> [Dataset excerpt]:
● ● ● ●

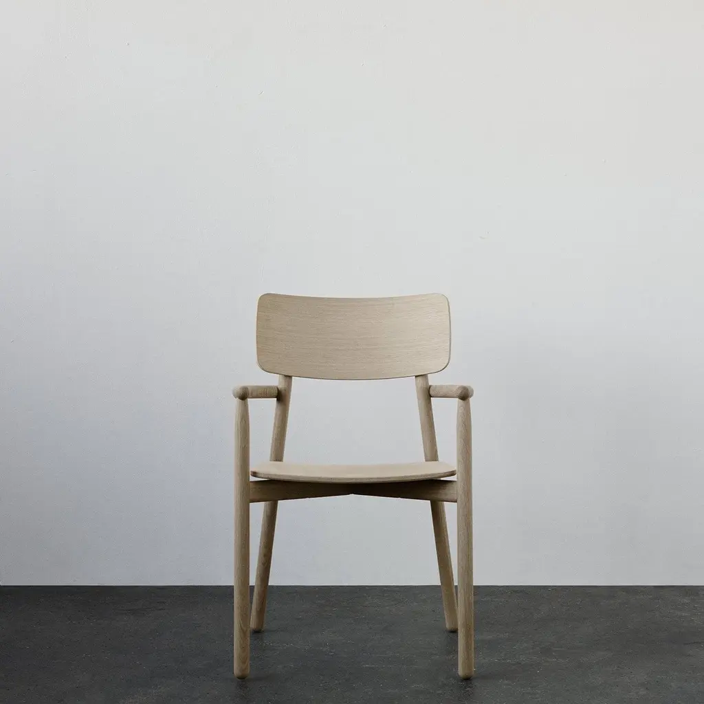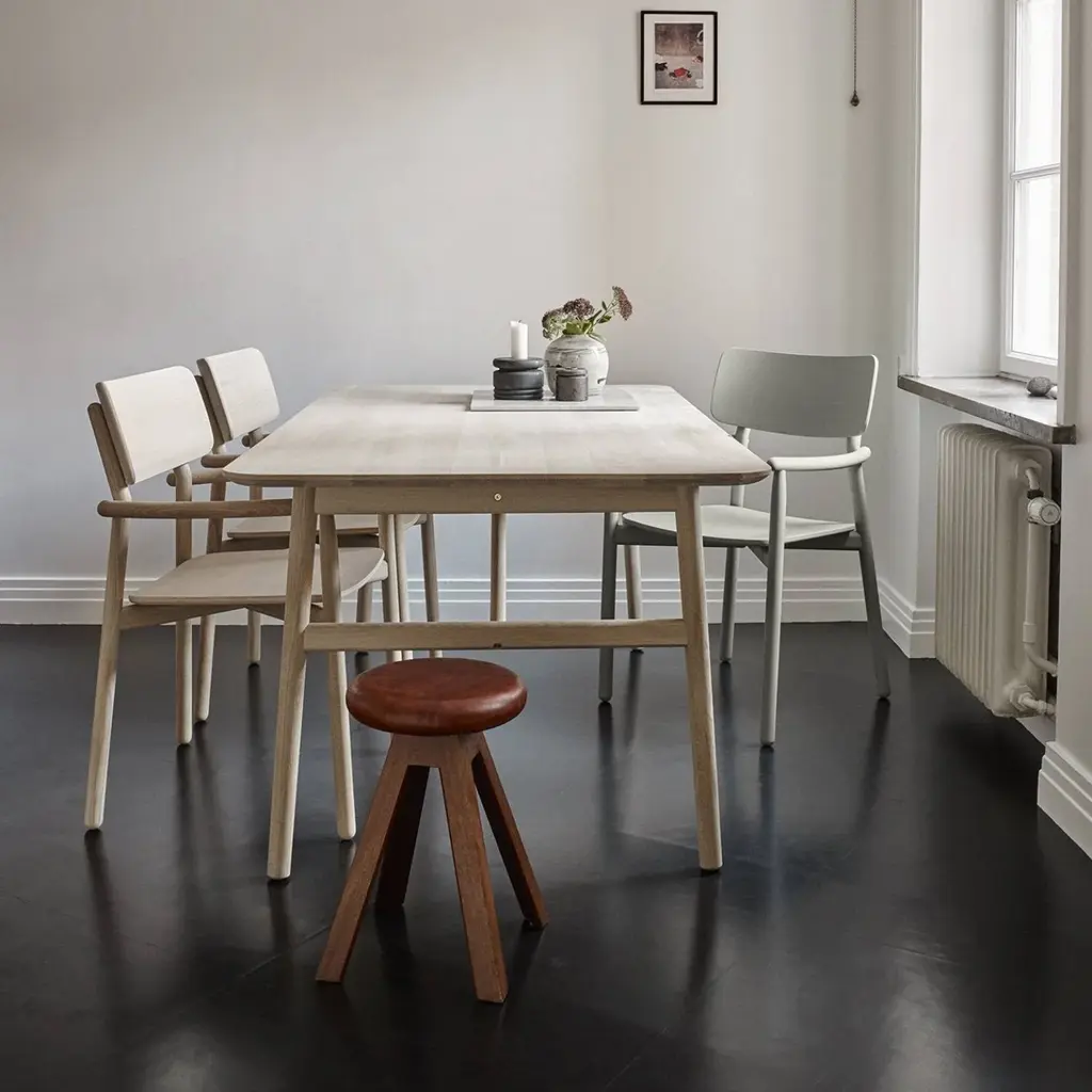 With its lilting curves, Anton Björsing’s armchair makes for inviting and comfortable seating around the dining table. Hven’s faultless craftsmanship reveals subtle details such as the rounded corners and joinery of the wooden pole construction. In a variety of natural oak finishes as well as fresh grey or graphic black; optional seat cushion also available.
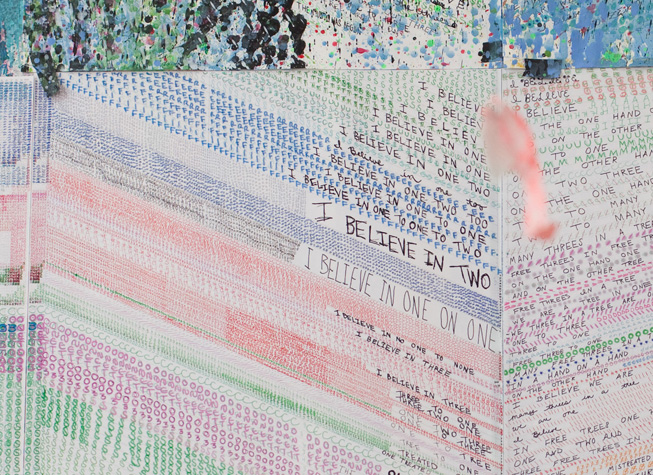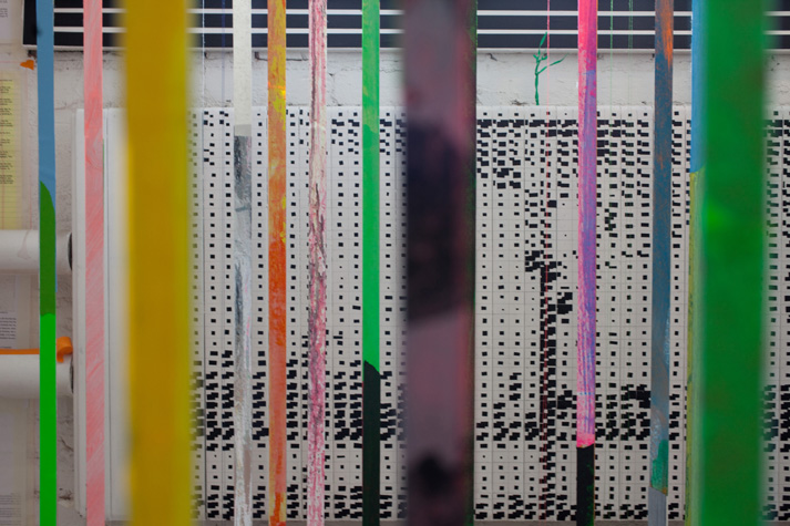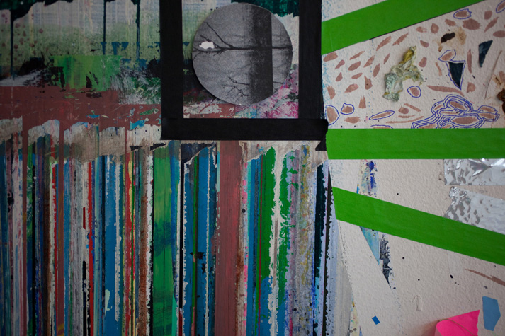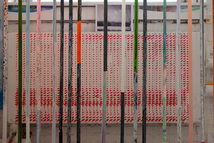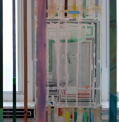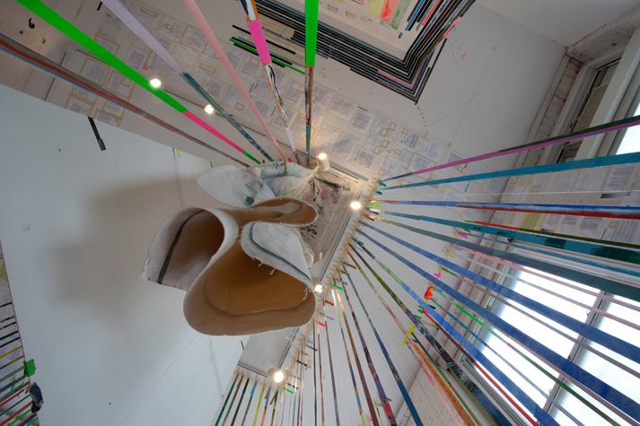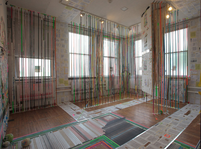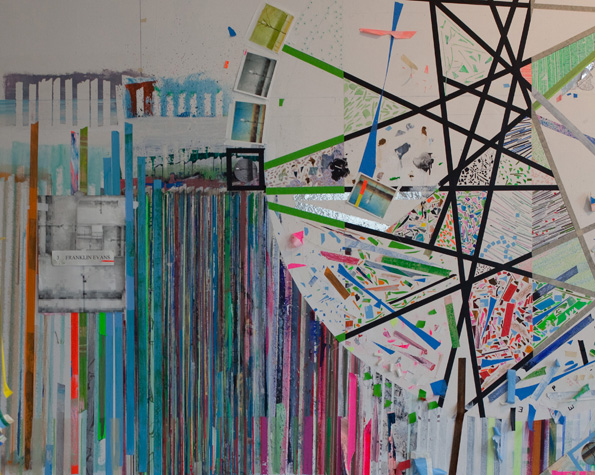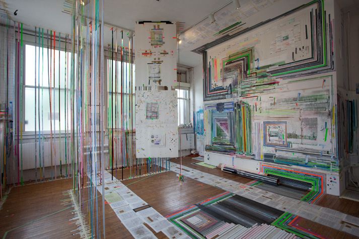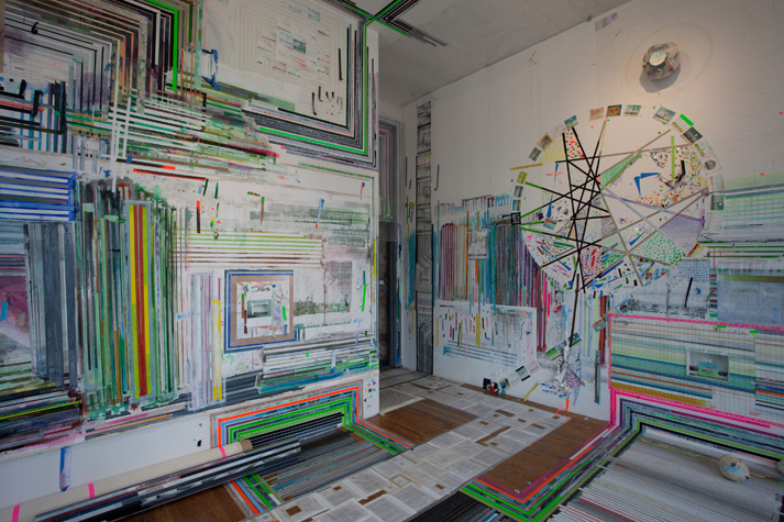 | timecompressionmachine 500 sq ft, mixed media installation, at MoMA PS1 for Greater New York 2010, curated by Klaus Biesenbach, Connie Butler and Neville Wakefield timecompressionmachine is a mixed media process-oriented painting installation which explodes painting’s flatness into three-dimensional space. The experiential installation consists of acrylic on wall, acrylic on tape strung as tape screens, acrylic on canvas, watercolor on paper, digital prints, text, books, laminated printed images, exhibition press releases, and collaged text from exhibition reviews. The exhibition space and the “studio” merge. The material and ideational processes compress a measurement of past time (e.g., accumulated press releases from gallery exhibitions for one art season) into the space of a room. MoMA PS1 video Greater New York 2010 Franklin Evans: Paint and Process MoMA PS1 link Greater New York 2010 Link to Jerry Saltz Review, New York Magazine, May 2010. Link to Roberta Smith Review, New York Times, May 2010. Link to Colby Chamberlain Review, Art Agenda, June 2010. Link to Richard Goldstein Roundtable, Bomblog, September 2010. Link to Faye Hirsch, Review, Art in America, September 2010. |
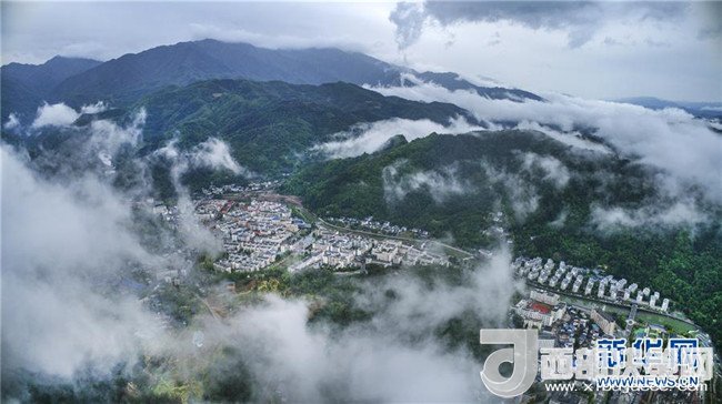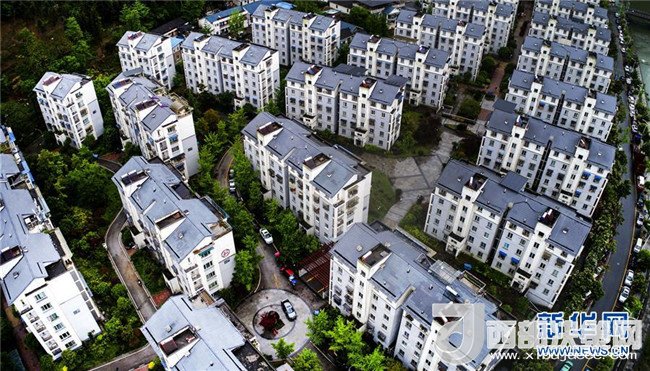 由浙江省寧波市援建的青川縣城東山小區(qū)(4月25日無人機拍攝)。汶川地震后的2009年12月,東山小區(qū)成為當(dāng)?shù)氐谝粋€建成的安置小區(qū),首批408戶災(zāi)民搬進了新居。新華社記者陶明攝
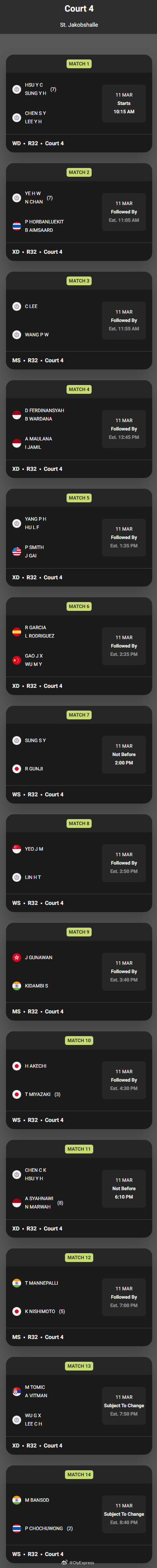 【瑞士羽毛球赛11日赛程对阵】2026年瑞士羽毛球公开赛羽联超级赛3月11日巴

● ● ● ●

> [Problem details]: One exact copy of the data, no pictures: write it out line for line.

> [Answer]:
 With its lilting curves, Anton Björsing’s armchair makes for inviting and comfortable seating around the dining table. Hven’s faultless craftsmanship reveals subtle details such as the rounded corners and joinery of the wooden pole construction. In a variety of natural oak finishes as well as fresh grey or graphic black; optional seat cushion also available.
 | timecompressionmachine 500 sq ft, mixed media installation, at MoMA PS1 for Greater New York 2010, curated by Klaus Biesenbach, Connie Butler and Neville Wakefield timecompressionmachine is a mixed media process-oriented painting installation which explodes painting’s flatness into three-dimensional space. The experiential installation consists of acrylic on wall, acrylic on tape strung as tape screens, acrylic on canvas, watercolor on paper, digital prints, text, books, laminated printed images, exhibition press releases, and collaged text from exhibition reviews. The exhibition space and the “studio” merge. The material and ideational processes compress a measurement of past time (e.g., accumulated press releases from gallery exhibitions for one art season) into the space of a room. MoMA PS1 video Greater New York 2010 Franklin Evans: Paint and Process MoMA PS1 link Greater New York 2010 Link to Jerry Saltz Review, New York Magazine, May 2010. Link to Roberta Smith Review, New York Times, May 2010. Link to Colby Chamberlain Review, Art Agenda, June 2010. Link to Richard Goldstein Roundtable, Bomblog, September 2010. Link to Faye Hirsch, Review, Art in America, September 2010. |
 由浙江省寧波市援建的青川縣城東山小區(qū)(4月25日無人機拍攝)。汶川地震后的2009年12月,東山小區(qū)成為當(dāng)?shù)氐谝粋€建成的安置小區(qū),首批408戶災(zāi)民搬進了新居。新華社記者陶明攝
 【瑞士羽毛球赛11日赛程对阵】2026年瑞士羽毛球公开赛羽联超级赛3月11日巴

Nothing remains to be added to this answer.